**Problem to solve**
Exclude every picture. Output verbatim the lines from the one containing "然而人们忽略的是1987年填" to the end of the data.

**Source material**
======

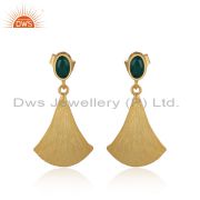 Dyed Emerald Gold On 925 Silver Textured Stud Earrings
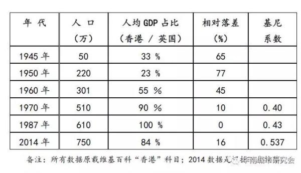 然而人们忽略的是1987年填平的差距,到今天(2014)香港与英国人均GDP相比较,却又产生16%的相对差距,恰恰跌回1970年之前!这与制造业“空心化”有没有线性关系?值得去探讨。还有,香港的基尼系数,四十年间从0.40水平一路飙升到0.537,与制造业“空心化”有没有线性关系?也值得学术界进一步探讨。
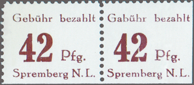 Abbildung 3: Deutsche Lokalausgabe Spremberg MiNr. 13 mit auffälligen Brüchen in der „2“ der Wertangabe
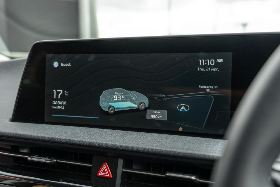 Sitting atop the wing-shaped floating dashboard is a beautifully curved, dual-screen infotainment setup. The central touchscreen will be familiar to anyone who’s driven a modern Sorento or Sportage, and comes with a full feature list.

======

**Reply to the task**
 然而人们忽略的是1987年填平的差距,到今天(2014)香港与英国人均GDP相比较,却又产生16%的相对差距,恰恰跌回1970年之前!这与制造业“空心化”有没有线性关系?值得去探讨。还有,香港的基尼系数,四十年间从0.40水平一路飙升到0.537,与制造业“空心化”有没有线性关系?也值得学术界进一步探讨。
 Abbildung 3: Deutsche Lokalausgabe Spremberg MiNr. 13 mit auffälligen Brüchen in der „2“ der Wertangabe
 Sitting atop the wing-shaped floating dashboard is a beautifully curved, dual-screen infotainment setup. The central touchscreen will be familiar to anyone who’s driven a modern Sorento or Sportage, and comes with a full feature list.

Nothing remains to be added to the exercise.